Захар обошел жеребца вокруг, приседая, заглянул для чего-то ему под брюхо и снова повторил:
— Тыщу много-о!
— Ты ведь только так, — продолжал растравлять Большов, — перед советской властью середнячком-то прикидываешься. А копни тебя, небось, всех нас первоулошных за один раз купишь. Деньжищ, наверно, не один мешок уже набил да на полатях припрятал. Так что не скупись, давай тыщу в придачу и веди коня к себе во двор.
Хоть придурковатая голова Захара и принимала насмешки Большова за чистую монету, однако, он хорошо знал, что у него никаких мешков с деньгами никогда не лежало, что на тыщу рублей можно купить не одного жеребца, и потому отказался:
— Много! Где ее тыщу-то взять!
— Ну, как хочешь! — изображая сожаление, ответил Большов. — А я отдал бы тебе коня. Ты, знаю, хозяин хороший, аккуратный. Небось, Воронко у тебя тоже был бы в чести. Эвон, как ты в ограде-то чистоту навел, будто в горнице!
Похвала Максима Ерофеевича отвлекла старика от коня, он сдвинул шапку на затылок, погладил бороду.
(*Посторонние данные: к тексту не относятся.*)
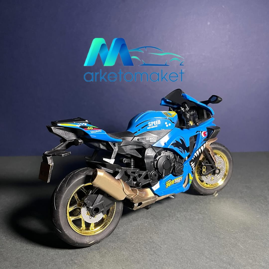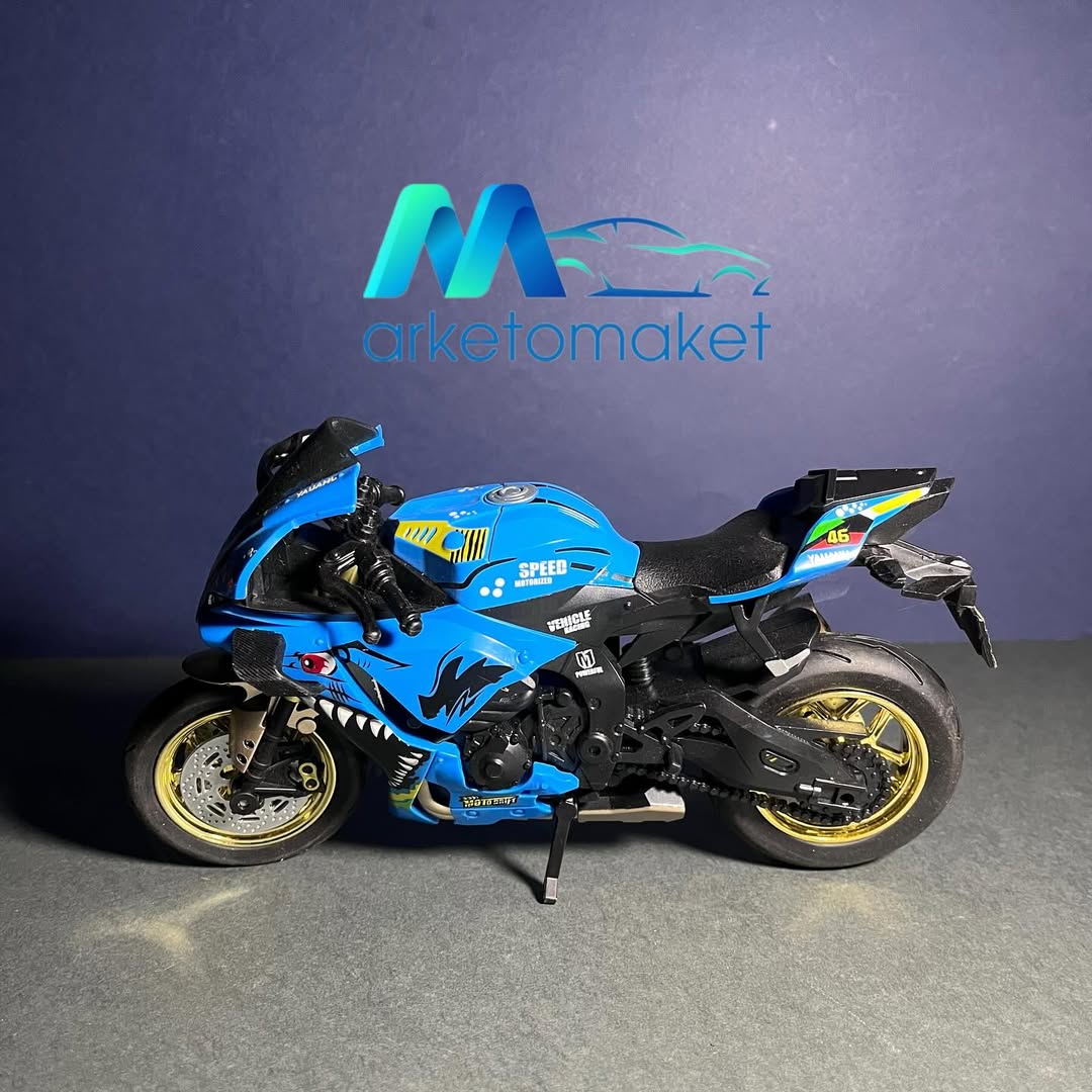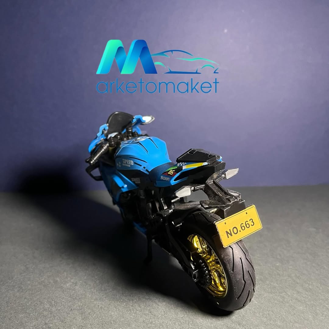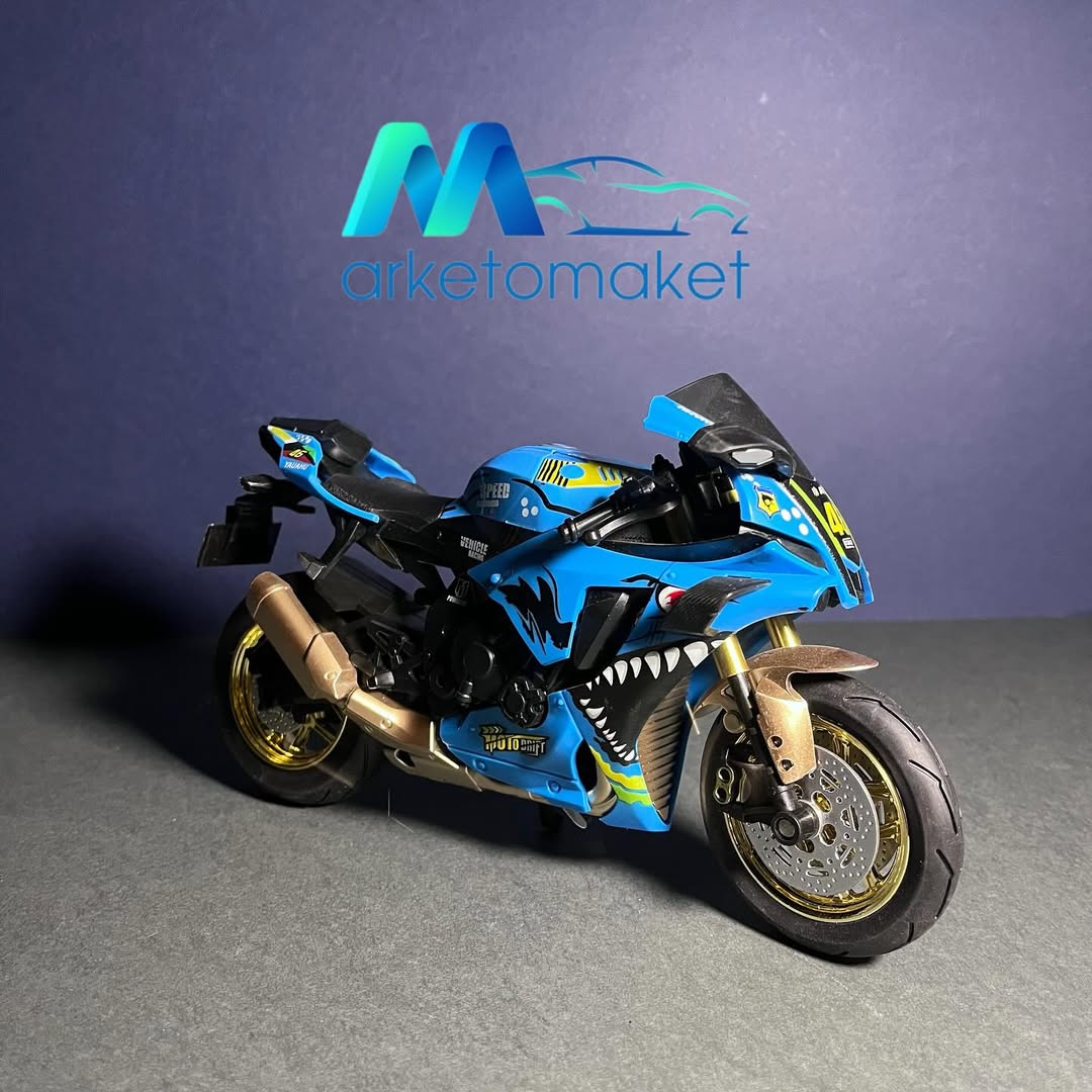 ماکت فلزی /۱/۹ موتور سوزوکی بی کینگ برند سوزوکی کمک فنر دار فرمان متحرکلاستیکها متحرک بسیار با کیفیت با جزییات دقیق.
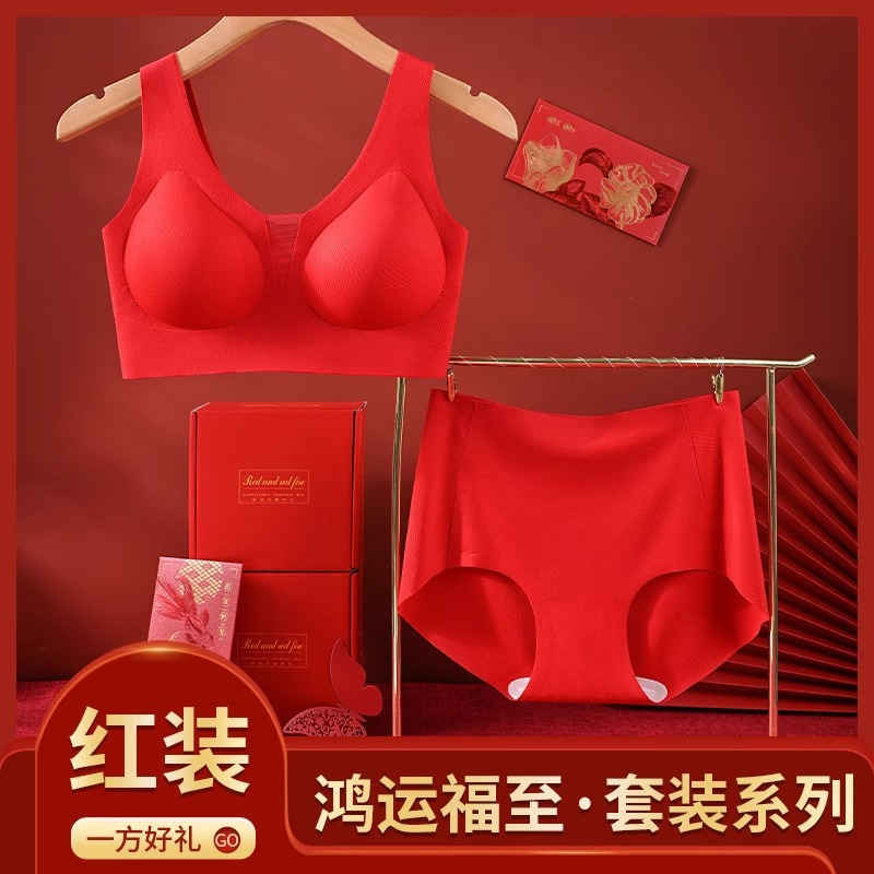 新作の干支年用下着セット 女性用シームレスサポート美背下着 結婚式花嫁用大紅色ギフトボックス入り
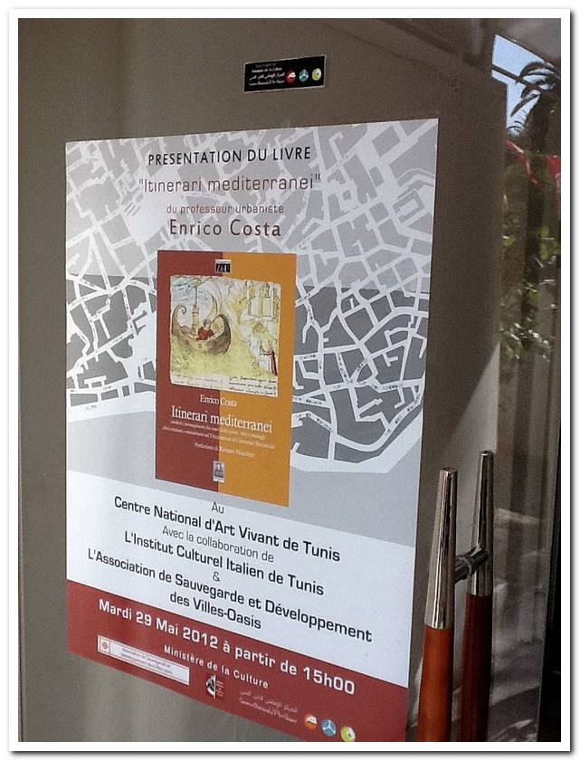 Il pomeriggio del 29 maggio, Enrico Costa, professore di Urbanistica, ha presentato il suo ultimo libro presso il Centre National d’Art Vivant Zoubeir Turki, struttura del Ministère della Cultura a Tunisi–Belvédère diretta dalla dinamica Sana Tamzini.

— Обиход-то я люблю. Без обихода нельзя.
— Вот и я говорю же: оби-ход! Не только что в ограде, но и за оградой словно языком вылизано. Чи-сто-та! Всем мужикам у тебя, Захар, учиться надо обиходу. — При этом Большов вдруг сделал недовольное лицо, поморщился и похвалу сменил на осуждение: — Однако, слышь, Захар, в гумне-то у тебя непорядок! Солома не прибрана, ток захламлен. Того и гляди, скоро рожь поспеет: куда снопы скирдовать будешь? Ток-то не чистил!
— Не время! — с сомнением сказал Захар. — Коли что, к страде ближе ток-то палить!
— А-а-а! — опять словно с сожалением протянул Большов, как бы раскаиваясь в преждевременной похвале: — Ну, а я думаю в своем гумне ток пораньше подготовить. Может, завтра же и начну. На других мне смотреть нечего. Мужики у нас к обиходу не приучены. С тебя вот лишь и брал пример. Выходит, теперича наоборот — тебя опережу!
Захар вздрогнул, по его лицу, словно тень, промелькнул испуг: первенство по обиходу он никому не желал уступать.
Из избы вышла Захарова старуха, позвала его.
Большов лихо вскочил на коня, ударил жеребца каблуками в бока. Тот встал на дыбы, обдал старика дорожной пылью.
Долго еще стоял Захар возле своей ограды, чесал в затылке, медленно и туманно соображая. Наконец он спохватился, хлопнул себя руками по бедрам и, не заходя во двор, заковылял на гумно.
Между тем Большов, вернувшись домой, досуха вытер жеребца щеткой, снова закрыл его в пригон и только после этого отправился завтракать.
Все окна в горнице были закрыты ставнями, кроме одного, возле накрытого для трапезы стола.
Степанида молча поставила перед мужем бутыль с вином, граненый стакан и блюдо с солеными огурцами: хозяин любил разыграть аппетит. Он налил себе полный стакан, не отрываясь, выпил, потом налил второй, третий и, рыгнув, начал закусывать, медленно ворочая челюстями.
Когда с вином и закуской было покончено, Степанида подала на стол до блеска начищенный медный самовар, сахарницу и тарелку с облитыми маслом горячими пирогами, затем отошла на свое обычное место, к посудному шкафу. Самой ей садиться за один стол с Максимом Ерофеевичем не разрешалось.